Two details make this the linchpin of the whole design. First, the same loop enforces new constraints whether or not a rewrite happens — the verify-only path simply reuses oldslot as insertslot and never inserts. Second, the loop runs once per table no matter how many subcommands contributed newvals or constraints: a statement that changes three column types and adds two CHECKs still scans the heap a single time. When the relation is being rewritten, ATRewriteTable also calls TransferPredicateLocksToHeapRelation(oldrel) up front, because moving tuples to a new file invalidates any tuple- or page-level SSI predicate locks.

flowchart TD
    A["ATRewriteTables: foreach table in wqueue"] --> B{"RELKIND_HAS_STORAGE?"}
    B -->|no| A
    B -->|yes| C{"tab->rewrite > 0?"}
    C -->|"yes (not sequence)"| D["make_new_heap -> new relfilenode"]
    D --> E["ATRewriteTable(tab, OIDNewHeap)<br/>scan oldDesc, project newDesc<br/>eval newvals, check constraints<br/>table_tuple_insert into new file"]
    E --> F["finish_heap_swap<br/>swap_relation_files (relfilenode)<br/>rebuild indexes, drop old heap"]
    C -->|"no, but constraints/notnull pending"| G["ATRewriteTable(tab, InvalidOid)<br/>scan only, no new file<br/>error if a row violates"]
    C -->|"no, only SET TABLESPACE"| H["ATExecSetTableSpace<br/>block-by-block file copy"]
    C -->|"nothing pending"| I["skip table entirely"]
    F --> J["final loop: validate FK constraints<br/>execute tab->afterStmts"]
    G --> J
    H --> J
    I --> J

Phase 1 (ATPrepCmd) is also where a single statement fans out to child tables. ATPrepCmd finds or creates the AlteredTableInfo via ATGetQueueEntry, then — for recursable subtypes — drives ATSimpleRecursion, which uses find_all_inheritors to enqueue one work-queue entry per descendant and re-invokes the prep routine on each. This is why a DROP COLUMN on a partitioned parent silently drops the column on every partition: each partition gets its own AlteredTableInfo, its own per-pass buckets, and (in Phase 3) its own single heap scan. The recursion happens entirely in Phase 1, so by the time Phase 2 runs, the queue already contains every affected relation and ATRewriteCatalogs can iterate them “in parallel, one pass at a time.”

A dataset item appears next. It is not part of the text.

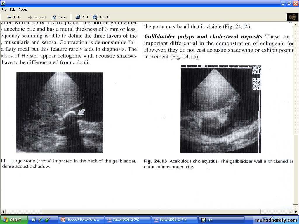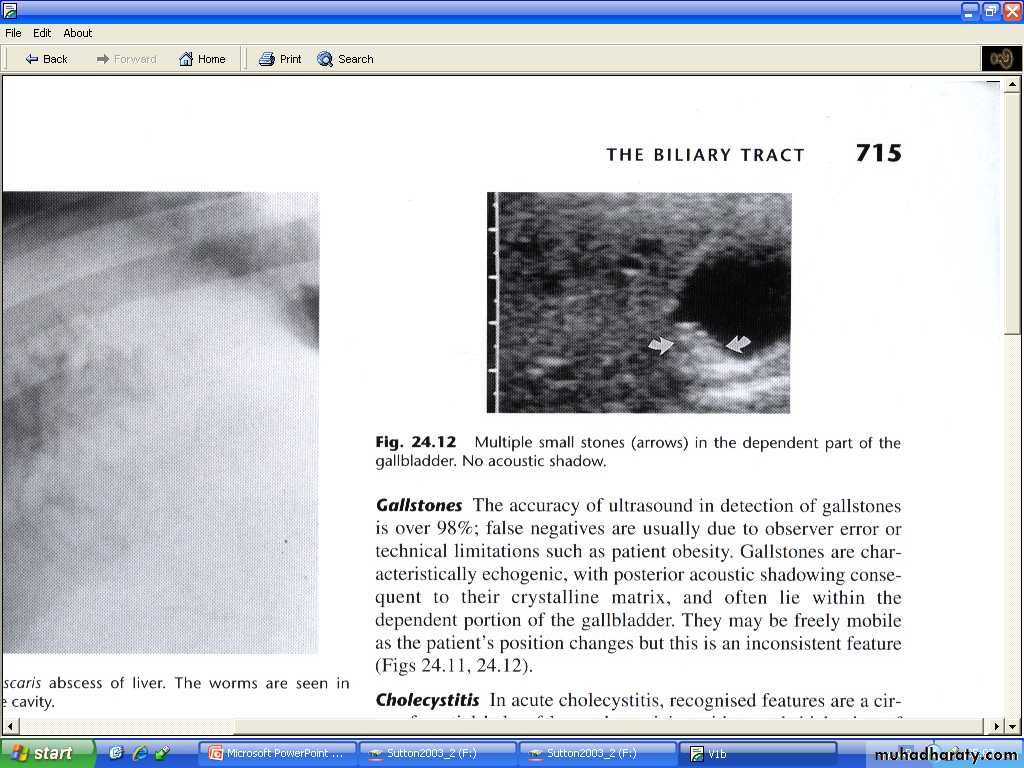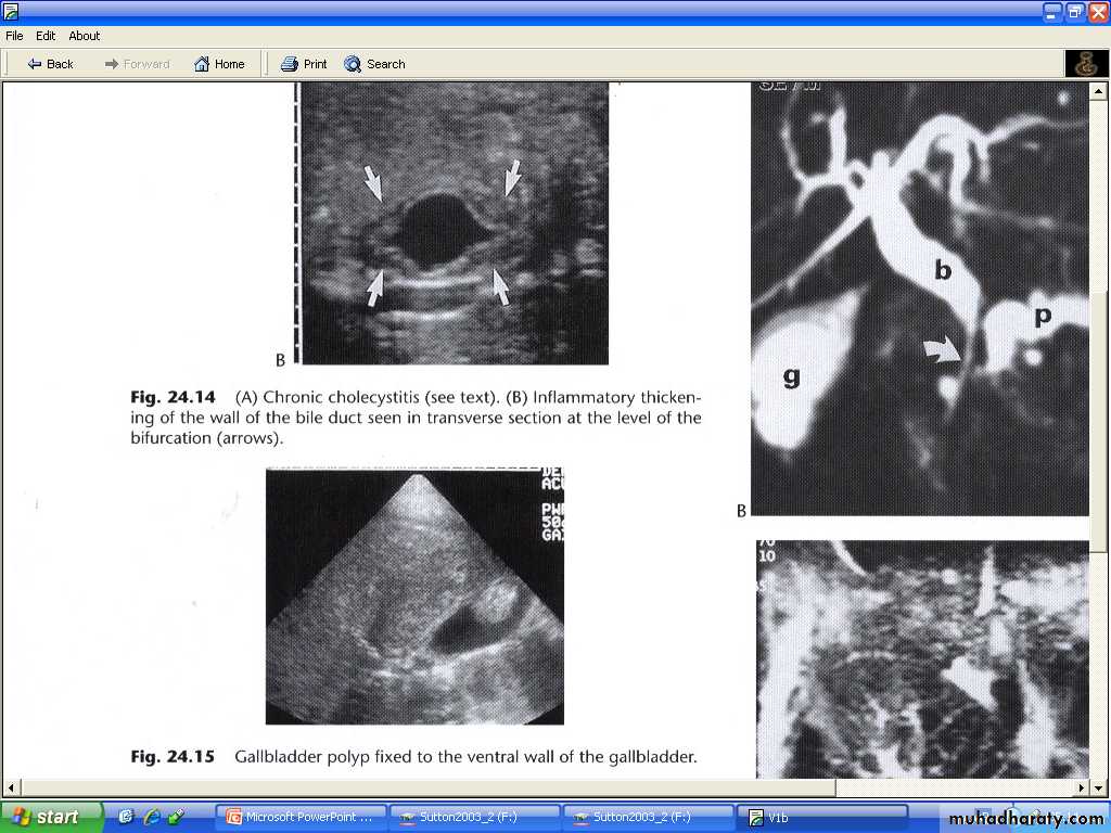 US : is the best and primary method of investigation ,because simplest and excellent method in showing gallstones and diseases of gallbladder also an excellent test for confirming or excluding bile duct dilatation. patient should be fasting 6—8 Hrs prior to procedure to fully distend the GB .

This section walks the symbols in call order, grouped by phase, so a reader can follow ALTER TABLE from the utility hook to the final FK validation. All symbols are anchored by name; line numbers appear only in the position-hint table at the end.

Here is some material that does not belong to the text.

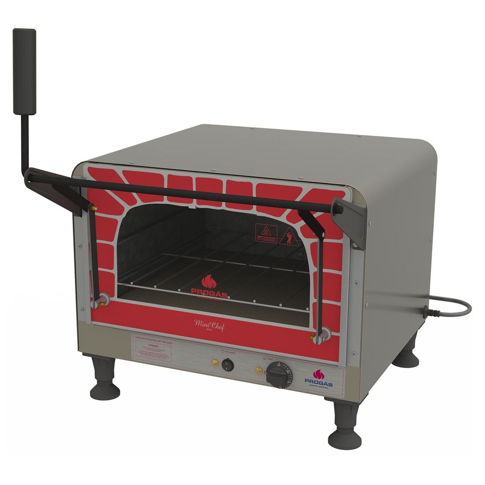 Suas receitas ganharão um toque profissional com o Forno Elétrico Refratário Mini Chef 220v Progás, que permite que você asse ou gratine pizzas, fogazza, pães de queijo, assar e gratinar lasanhas, carnes, crosta pururuca, assim como doces, bolos, folhados e outros.

  • AlterTable — the top-level driver. Re-opens the relation NoLock (the caller already holds the lock), runs CheckAlterTableIsSafe, then calls ATController. Its header comment is the canonical statement of the three-phase plan and the MVCC-rollback guarantee.
  • AlterTableGetLockLevel — computes the lock before the table is opened, by inspecting only the parsed subcommand list. Returns the maximum of the per-subtype lock levels, floored at ShareUpdateExclusiveLock. The giant switch is the authoritative map of “which ALTER needs which lock.” Hot Standby forces AccessExclusiveLock for any change a standby SELECT could observe.
  • ATController — sequences the three phases: a foreach over subcommands calling ATPrepCmd (Phase 1), then relation_close(rel, NoLock), then ATRewriteCatalogs (Phase 2), then ATRewriteTables (Phase 3).
  • ATPrepCmd — per-subcommand preparation. Finds/creates the AlteredTableInfo, validates the subtype against the relkind, decides the target pass, and recurses to children. Deliberately conservative: it does not read table details a later subcommand could change.
  • ATGetQueueEntry — find-or-create accessor for the per-relation work queue entry. Snapshots oldDesc (a constrained copy of the current tuple descriptor) at creation time — the descriptor Phase 3 reads old tuples through.
  • ATSimpleRecursion / find_all_inheritors — fan the subcommand out to inheritance children / partitions, one queue entry each.
  • AlteredTableInfo / AlterTablePass / AT_NUM_PASSES — the work-queue struct, the fixed pass enum, and the bucket-array size. subcmds is List *[AT_NUM_PASSES].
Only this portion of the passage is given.